#### What to produce
Pictures stay out; print the rest of the listing below exactly as it stands.

--- Entries provided ---

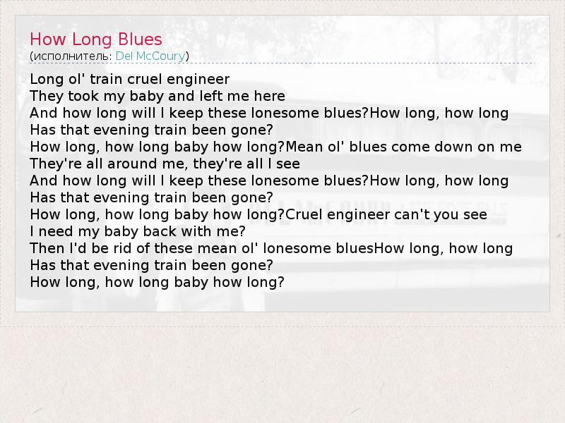 А как ты думаешь, о чем песня "How Long Blues" ?
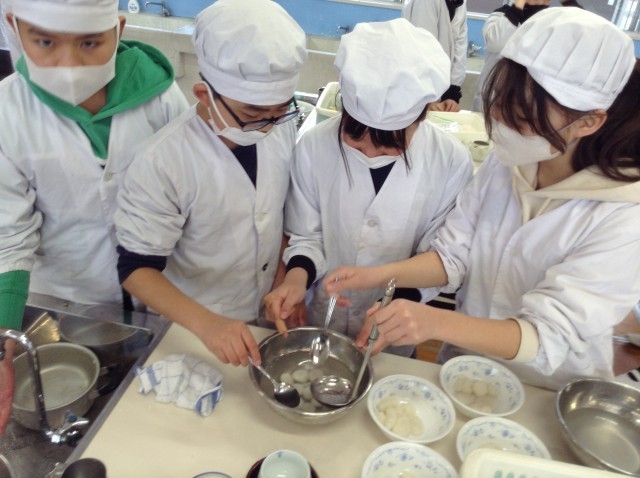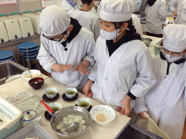 今日は2組が調理実習を行いました。白玉団子とお茶でホッとするひと時を過ごしました。材料の分量を間違わないように確認しながら作業を進めています。美味しそうにできあがりました。みんなでホッとする時間です。いつもは厳しい先生も団子の前ではにこやかです。
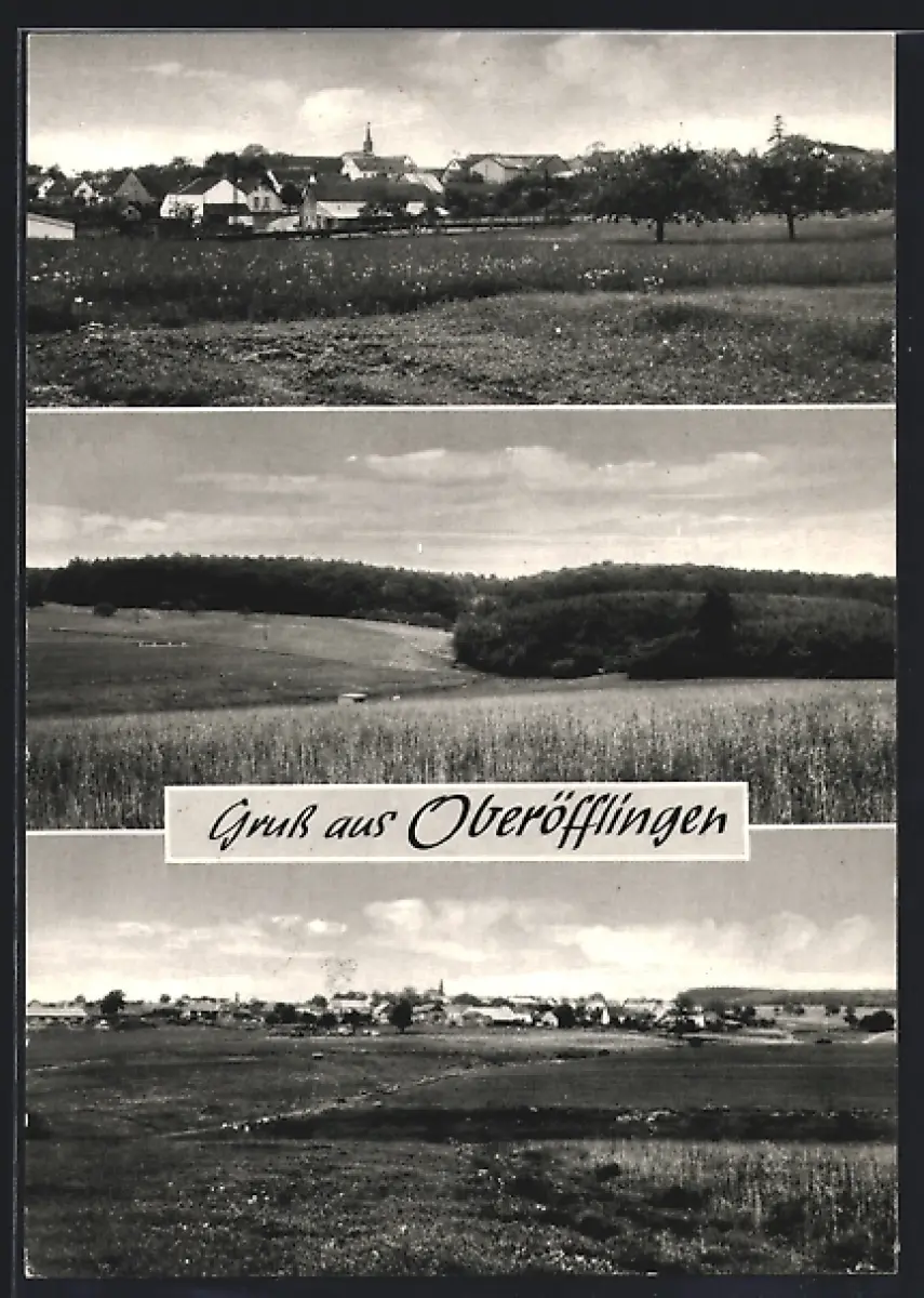 AK Oberöfflingen, Ortsansichten mit umliegenden Feldern
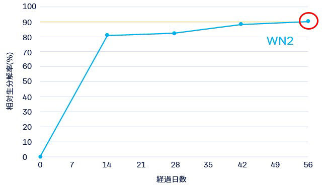 本試験において、WN2銘柄の水溶液は、2か月以内に90%以上生分解する結果が得られました。
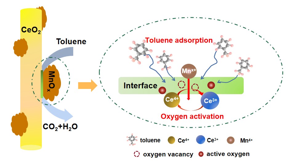 唐文翔特聘研究员、唐盛伟教授团队提出构建高效非贵金属氧化物异质界面结构的强化策略,采用简单的湿化学浸渍在纳米CeO2表面进行MnOx纳米颗粒的修饰,从而构建与MnOx的异质界面结构。结果表明:异质界面缺陷及其所造成的不饱和环境(如Ce3+)有助于形成活性氧,而且MnOx的加入能降低Ce-O键的强度,促进Ce4+与Ce3+之间的转化,利于氧的活化与迁移。与没有协同作用的CeO2、负载型的MnOx-SiO2以及物理混合型的MnOx+CeO2相比,新型MnOx-CeO2异质结构催化剂对低浓度甲苯分子吸附能力会得到明显加强。相关成果 “Low-Temperature Oxidation of Toluene over MnOx-CeO2Nanorod Composites with High Sinter Resistance: Dual Effect of Synergistic Interaction on Hydrocarbon Adsorption and Oxygen Activation”发表于Inorganic Chemistry (doi.org/10.1021/acs.inorgchem.2c02738)。
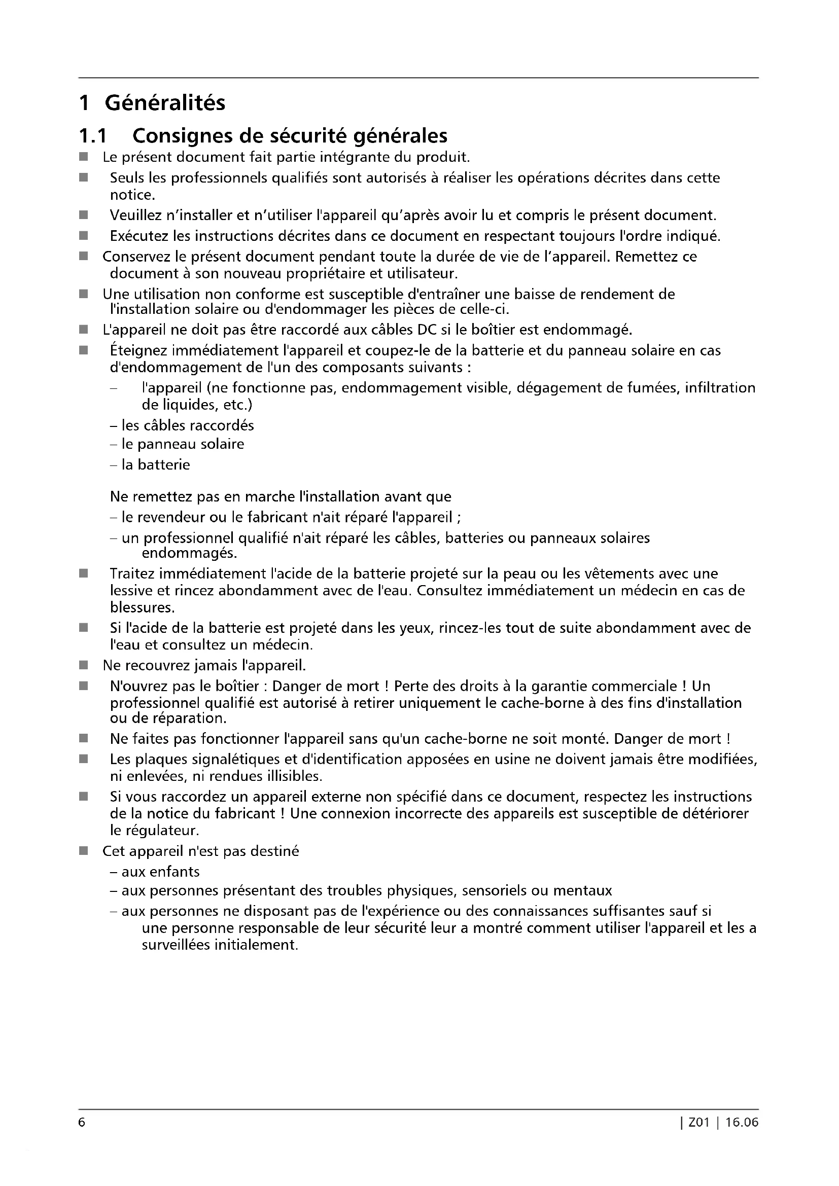 | Z01 | 16.06 7Dans le cas d'une utilisation de systèmes lithium-ion, un système de contrôles de batteries externe (BMS) doit assurer les fonctions de protection et de sécurité nécessaires à l'exploitation (par exemple la surveillance de la température, la coupure de sécurité et la compensation de tensions d'élément). Ces fonctions ne sont pas fournies par les modèles MPPT 6000-M/S. REMARQUE ! MPPT 6000-M : dans le cas d'un groupement de régulateurs MPPT 6000-M et MPPT 6000-S, la charge d'accumulateurs lithium-ion et nickel-cadmium n'est possible que par la commande maître/esclave de l'appareil MPPT 6000-M. La charge d'accumulateurs lithium-ion et nickel- cadmium par le régulateur MPPT 6000-S est désactivée dès que l'appareil MPPT 6000-M n'est plus actif dans le groupement. Rappel : n Le régulateur ne doit jamais être raccordé au réseau électrique public. n Seuls les panneaux solaires peuvent être raccordés à leurs branchements. n Tensions de système éventuelles pour les régulateurs MPPT 6000-M/-S (tensions de batterie nominales) : 12 V, 24 V, 36 V, 48 V, 60 V ; (12 V, 24 V et 48 V : détection automatique ; 36 V, 60 V : réglage manuel via le menu expert). n Le régulateur effectue notamment les opérations suivantes :
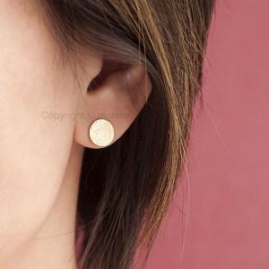 Gold Textured Disc Stud Earrings Round Circle Minimalist

---

#### Exercise result
 А как ты думаешь, о чем песня "How Long Blues" ?
 今日は2組が調理実習を行いました。白玉団子とお茶でホッとするひと時を過ごしました。材料の分量を間違わないように確認しながら作業を進めています。美味しそうにできあがりました。みんなでホッとする時間です。いつもは厳しい先生も団子の前ではにこやかです。
 AK Oberöfflingen, Ortsansichten mit umliegenden Feldern
 本試験において、WN2銘柄の水溶液は、2か月以内に90%以上生分解する結果が得られました。
 唐文翔特聘研究员、唐盛伟教授团队提出构建高效非贵金属氧化物异质界面结构的强化策略,采用简单的湿化学浸渍在纳米CeO2表面进行MnOx纳米颗粒的修饰,从而构建与MnOx的异质界面结构。结果表明:异质界面缺陷及其所造成的不饱和环境(如Ce3+)有助于形成活性氧,而且MnOx的加入能降低Ce-O键的强度,促进Ce4+与Ce3+之间的转化,利于氧的活化与迁移。与没有协同作用的CeO2、负载型的MnOx-SiO2以及物理混合型的MnOx+CeO2相比,新型MnOx-CeO2异质结构催化剂对低浓度甲苯分子吸附能力会得到明显加强。相关成果 “Low-Temperature Oxidation of Toluene over MnOx-CeO2Nanorod Composites with High Sinter Resistance: Dual Effect of Synergistic Interaction on Hydrocarbon Adsorption and Oxygen Activation”发表于Inorganic Chemistry (doi.org/10.1021/acs.inorgchem.2c02738)。
 | Z01 | 16.06 7Dans le cas d'une utilisation de systèmes lithium-ion, un système de contrôles de batteries externe (BMS) doit assurer les fonctions de protection et de sécurité nécessaires à l'exploitation (par exemple la surveillance de la température, la coupure de sécurité et la compensation de tensions d'élément). Ces fonctions ne sont pas fournies par les modèles MPPT 6000-M/S. REMARQUE ! MPPT 6000-M : dans le cas d'un groupement de régulateurs MPPT 6000-M et MPPT 6000-S, la charge d'accumulateurs lithium-ion et nickel-cadmium n'est possible que par la commande maître/esclave de l'appareil MPPT 6000-M. La charge d'accumulateurs lithium-ion et nickel- cadmium par le régulateur MPPT 6000-S est désactivée dès que l'appareil MPPT 6000-M n'est plus actif dans le groupement. Rappel : n Le régulateur ne doit jamais être raccordé au réseau électrique public. n Seuls les panneaux solaires peuvent être raccordés à leurs branchements. n Tensions de système éventuelles pour les régulateurs MPPT 6000-M/-S (tensions de batterie nominales) : 12 V, 24 V, 36 V, 48 V, 60 V ; (12 V, 24 V et 48 V : détection automatique ; 36 V, 60 V : réglage manuel via le menu expert). n Le régulateur effectue notamment les opérations suivantes :
 Gold Textured Disc Stud Earrings Round Circle Minimalist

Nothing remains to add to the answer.